Repeated records should have data_type: array

Steps to reproduce

create a model_with_repeated_field.sql:

select 
    [1,2,3,4] as repeated_int

run it

$ dbt run -s model_with_repeated_field -f

Expected results

version: 2

models:
  - name: model_with_repeated_field
    description: ""
    columns:
      - name: repeated_int
        data_type: array<int64>
        description: ""

Actual results

version: 2

models:
  - name: model_with_repeated_field
    description: ""
    columns:
      - name: repeated_int
        data_type: int64
        description: ""

Screenshots and log output

Running the model with the following yml:

models:
  - name: model_with_repeated_field
    config:
      contract:
        enforced: true
    columns:
      - name: repeated_int
        data_type: int64
        description: ""

System information

packages:
  - package: dbt-labs/codegen
    version: 0.12.1
  - package: dbt-labs/dbt_utils
    version: 1.1.1

Which database are you using dbt with?

The output of dbt --version:

Core:
  - installed: 1.8.8
  - latest:    1.8.8 - Up to date!

Plugins:
  - bigquery: 1.8.3 - Up to date!

The operating system you're using:
MacOS Sequoia Version 15.1

The output of python --version:
Python 3.10.15

Additional context

generate_model_yaml gets the data_type using data_type_format_model

    {% if include_data_types %}
        {% do model_yaml.append('        data_type: ' ~ codegen.data_type_format_model(column)) %}
    {% endif %}

which in turn calls codegen.format_column

{% macro data_type_format_model(column) -%}
  {{ return(adapter.dispatch('data_type_format_model', 'codegen')(column)) }}
{%- endmacro %}

{# format a column data type for a model #}
{% macro default__data_type_format_model(column) %}
    {% set formatted = codegen.format_column(column) %}
    {{ return(formatted['data_type'] | lower) }}
{% endmacro %}

format_column is vendored in macros/vendored/dbt_core/format_column.sql
But it doesn't handle the specific case for repeated fields.

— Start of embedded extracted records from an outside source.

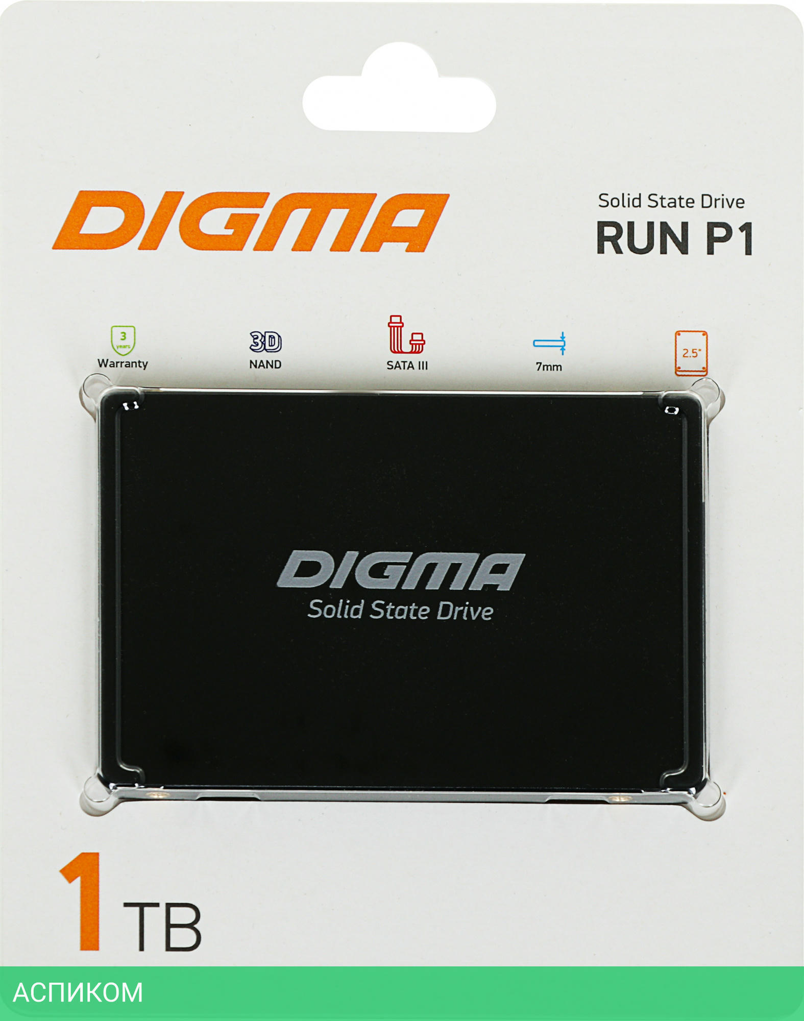 SSD диск Digma 2.5" SATA III 1Tb Run P1 (DGSR2001TP13T)/2.5"/1 ТБ/SATA 3.0 (6Gbps)/500MBs/400MBs/76K IOPS/74K IOPS/2M MTBF/3D TLC NAND/RTL
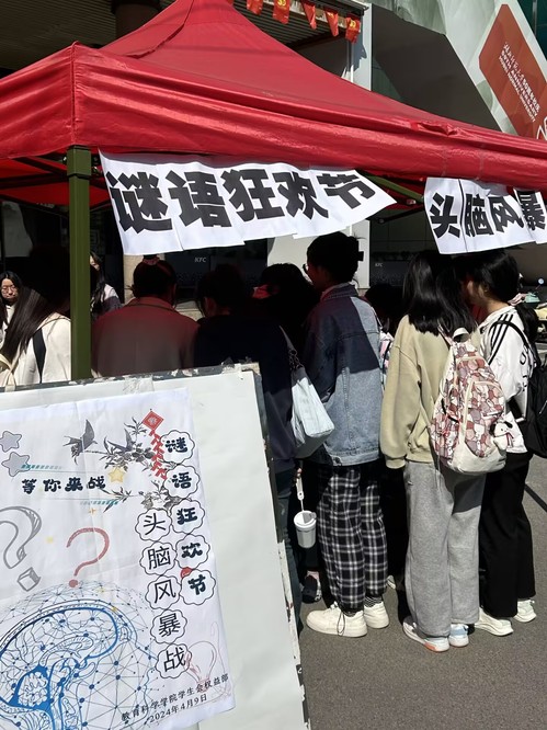 在大学的校园里,学生们充满了好奇心和求知欲。为了丰富校园文化生活,提高同学们的思维能力和逻辑推理能力,激发同学们的思考热情,让大家可以在轻松愉快的氛围中共同探索谜底,感受头脑风暴的乐趣。教育科学学院学生会权益部于4月9号在琼林苑门口开展此次“谜语狂欢:头脑风暴来袭”摆点活动。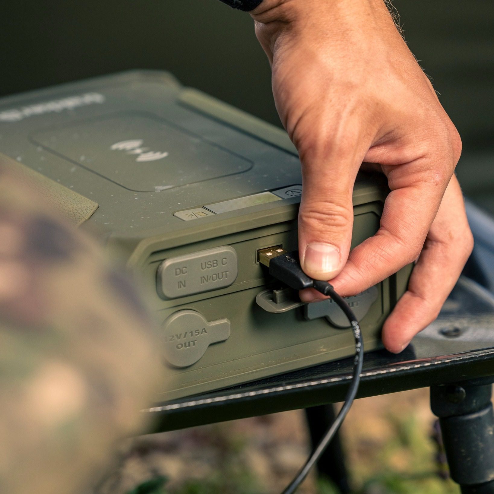 The Trakker 96k Power Pack features two USB-A (QC3.0) quick charge ports, USB-C Power Delivery (PD), and 10W wireless fast charging, this versatile unit is the perfect power solution for all your needs. You can easily charge laptops, tablets, cameras, drones, gimbals, head torches, and much more. In addition to these common outputs, there are two 12V car sockets ideal for powering boat pumps, lighting, fans, echo sounders, and even travel blankets. Furthermore, there is a DC output for charging 12V-24V DC devices such as laptops.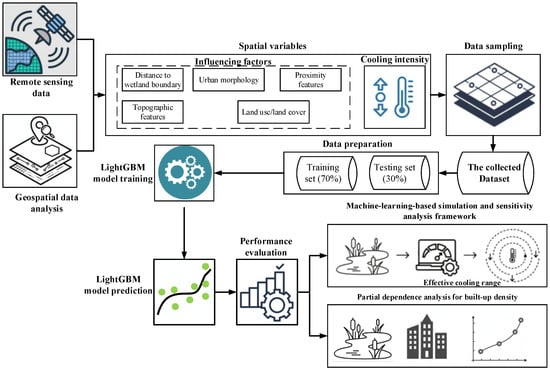 The densities of bareland, built-up area, and green space are used to characterize urban morphology. The proximity-based features consist of distances from rivers, lakes, and coastlines. The compiled spatial dataset is then split into training (70%) and testing sets (30%). The first set is used to train a LightGBM model; the second set is reserved to evaluate the model’s predictive capability. The trained machine learning model is subsequently used to perform a sensitivity analysis that estimates the effective cooling range around wetlands. Finally, partial dependence analysis with built-up density is conducted to interpret model behavior and to reveal how surrounding urban development affects the wetland’s cooling intensity.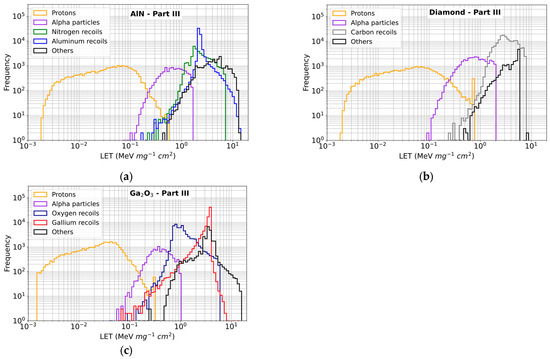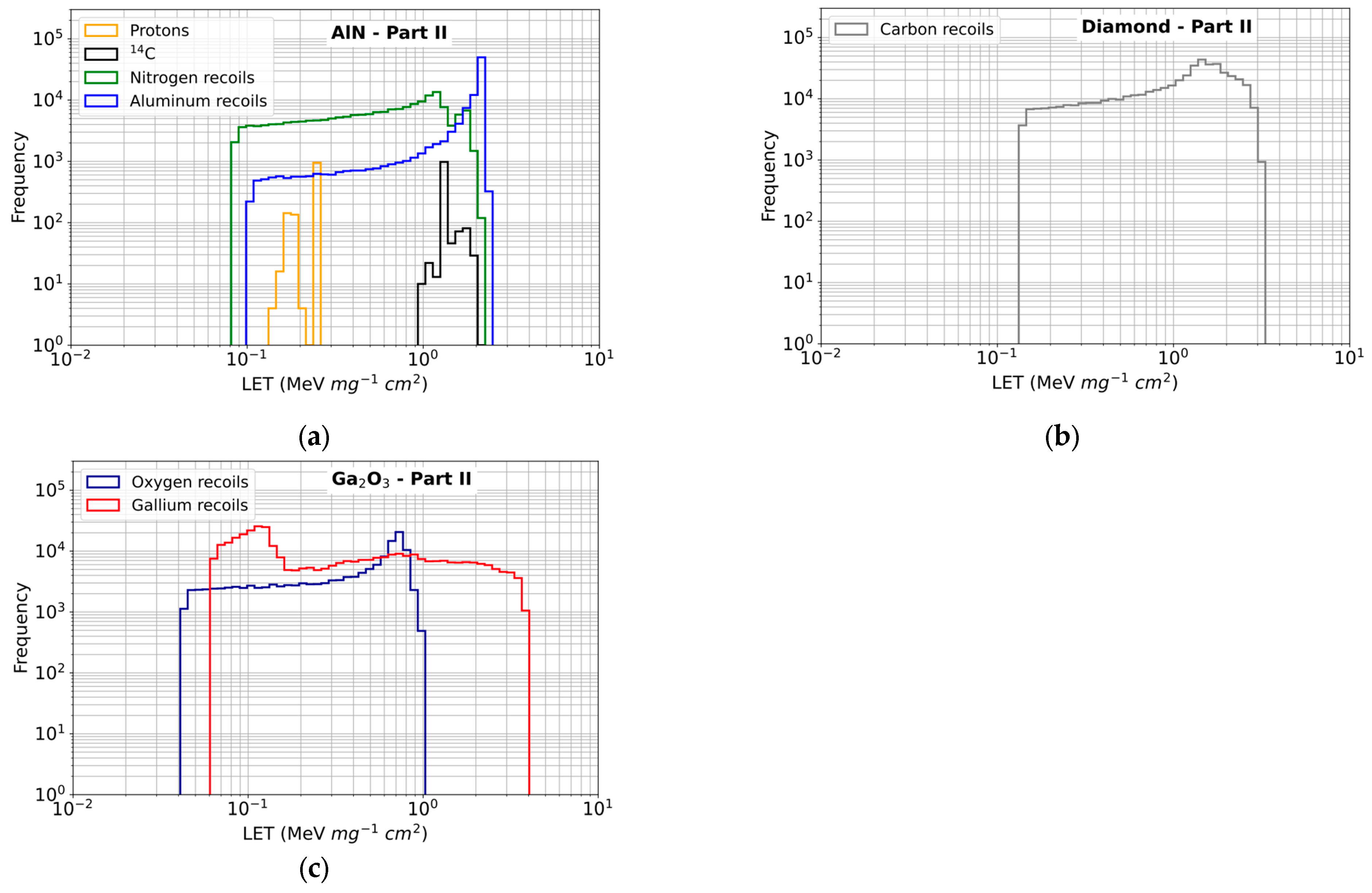 Initial LET histograms (100 bins) for secondary products generated in the material targets by interactions of neutrons with energies in the Part II of the spectrum. (a) AlN; (b) Diamond; (c) β-Ga2O3.
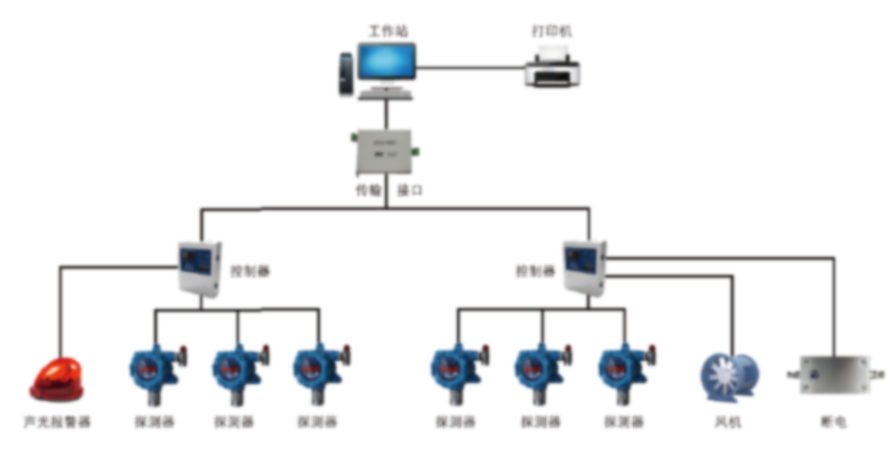 系统概述 CJ-100气体探测监控系统是采用先进的计算机网络技术,ARM嵌入式技术和EMC抗干扰技术等研制的工业气体检测报警控制系统,由功能简洁、操作方便的CGO-100报警控制器和CGQ-100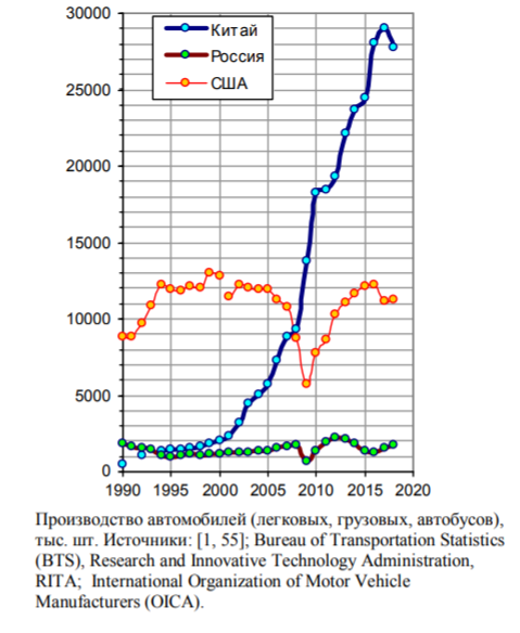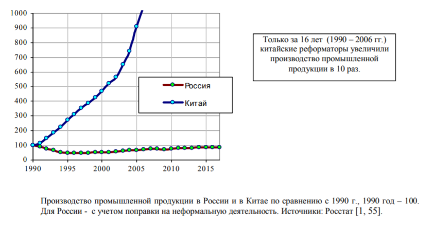 В области промышленного производства произошел по настоящему тектонический сдвиг. Более 100 лет здесь доминировали США. Даже СССР смог достичь только около 80% объема промпроизводства от американского к 1990 году. КНР сейчас превосходит США по этому показателю более чем в ТРИ раза! Это наглядно демонстрирует преимущество советского типа государства.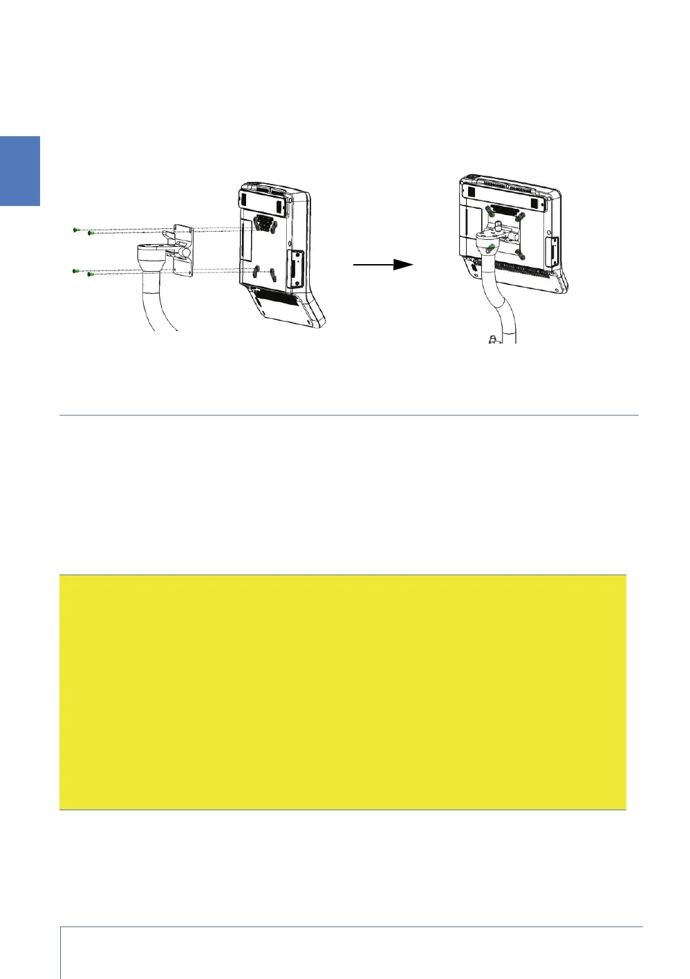 2. To fix the device to the mounting bracket, use the four screws and washers that are delivered

I am tempted to create a default__format_column and a bigquery__format_column to handle BigQuery specifically:

{% macro format_column(column) -%}
  {{ return(adapter.dispatch('format_column', 'codegen')(column)) }}
{%- endmacro %}

{% macro default__format_column(column) -%}
  {% set data_type = column.dtype %}
  {% set formatted = column.column.lower() ~ " " ~ data_type %}
  {{ return({'name': column.name, 'data_type': data_type, 'formatted': formatted}) }}
{%- endmacro -%}

{% macro bigquery__format_column(column) -%}
  {% if column.mode.lower() == "repeated" %}
    {% set data_type = "array" if column.dtype.lower() == "record" else "array<" ~ column.dtype ~ ">" %}
  {% else %}
    {% set data_type = column.dtype %}
  {% endif %}
  {% set formatted = column.column.lower() ~ " " ~ data_type %}
  {{ return({'name': column.name, 'data_type': data_type, 'formatted': formatted}) }}
{%- endmacro -%}

and moving it all into helpers.sql while removing the vendored format_column

Alternatively, bigquery__format_column could return a 'mode': column.mode field
and the adapter specific datatype conversion would be taken care of in
bigquery__data_type_format_model and bigquery__data_type_format_source

Are you interested in contributing the fix?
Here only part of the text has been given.